Eventually, you will find yourself drained of your energy, feelings. And they will be okay, but you will be left like a soldier after he had lost his war, wounded, injured, and left in the nothingness.
They Are Nothing Like You
Differences are crucial so are similarities, if you find yourself with a person who is completely different like a 100% different, The things you like and the places you love to visit, your morals and everything else are from two different Dimensions, no similar interest whatsoever, then you will find yourself sacrificing your own interests in order to blend with them.
So you show interest in the things they love (which you maybe hate) for the sake of being with them, and they in return make zero effort to know or share your interests with you.
Then you are wasting your time, your effort, and again you will find yourself over time empty with a lost identity if you continue with them.
Ignoring Their Activity On Social Media
Do they share racist posts and find them okay and funny? Do they flirt with people and excessively like their photos (Mostly Nudes) comment on it with flirty words/emojis, send them DMs, and so on? Do they accept other people’s opinions or just go with insulting them?
Social media can be a mirror of what a person truly is from the inside. Some people on social media just stay neutral but for others, their Facebook, Instagram, or Twitter can be a good reflective of their personalities.
Not Being Aware Of The Personality Shift
If at the beginning they appear as something and after a few months or a few weeks of knowing you they show up as a completely different person. That is something you should consider thinking about.
I understand that not everyone shows their true colors in such a short period of time, but there could be some signs they left here and there that show that the person they are trying to be is not real.
And if you with a person who shows their true colors with you, don’t be afraid to confront them and explain your point to them, allow them to explain why they began to act differently. and if there is no hope and things start to get unhealthy for you, don’t be afraid of walking away with explaining your reasons why.
It’s important to recognize that not everybody needs to be in our lives. We’re going to come across people who we realize might not be healthy for us, and you have to be okay with letting them go.business insider.
It is painful, but staying will eventually be too.
Our generation is cursed by perfectionism, not only on how we look but also in our relationships with people. We expect them to be heavenly creatures; we expect them to treat us in a certain way (Like how Disney/Movies has taught us.)
But we don’t come with a manual guide for people to read and see how they are supposed to be around us.
In the end, we are humans.
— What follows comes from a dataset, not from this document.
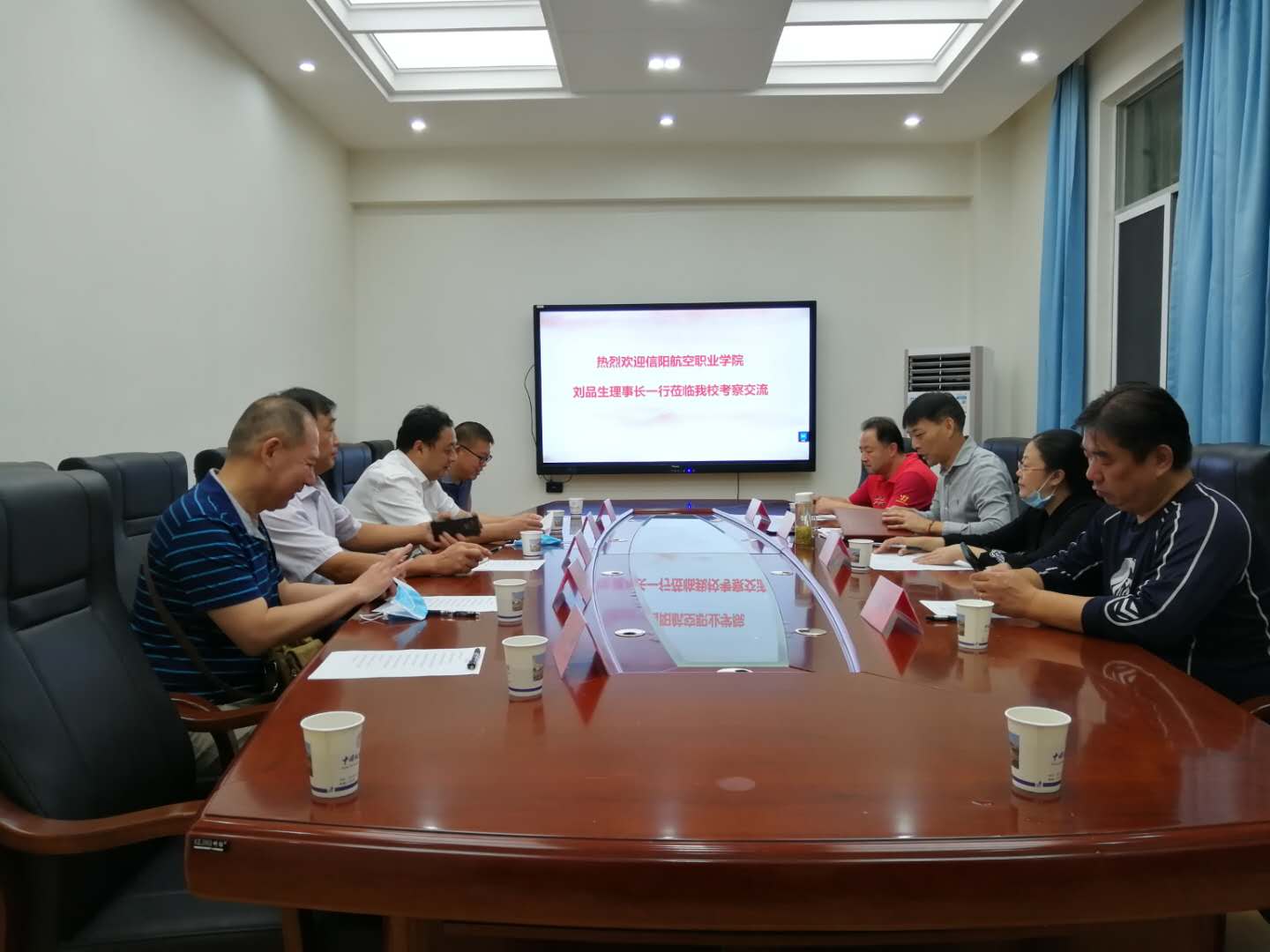 9月15日上午,河南信阳航空职业学院来beat365唯一官方网站洽谈合作办学,庞岚书记、董范院长以及相关老师出席并参与会谈。

Accepting and loving are what unite us and are essential to build healthy relationships.
That does not mean that you should settle for the ones who treat badly and say to yourself that you should accept them. What I am trying to say is that our expectations sometimes exceed the limits and sometimes are hard to achieve, this can lead to dissatisfaction as time goes by.
The best act is free yourself from these exceptions, live and let others live.
You Are Constantly Afraid to Lose Them/Leave You
You go out of their way; you go quick with them; you tell them every detail of your life to show that you trust them; you share their interests with them; you confess feelings too early; you ignore the red flags you might be doing everything because you are afraid to lose them; you are afraid that they might leave you, so you do everything to make them hold on onto you as much as you hold onto them.
The bad news is that even if you are a descended angel if they want to leave, they will. Nothing will stop them.
Don’t be afraid of losing, don’t be afraid of loneliness. If they are meant to stay, they will.
Yes, you might have been hurt, which sometimes can make you scared of forming relationships with new ones, I totally get it, but I bet you still have hope of trying again, and of finding true ones who will accept and love you.
But you should be smart about it. While you can not entirely avoid being hurt, but at least you can now distinguish that bad from the good, and do the best you can to stay away from what can possibly hurt you.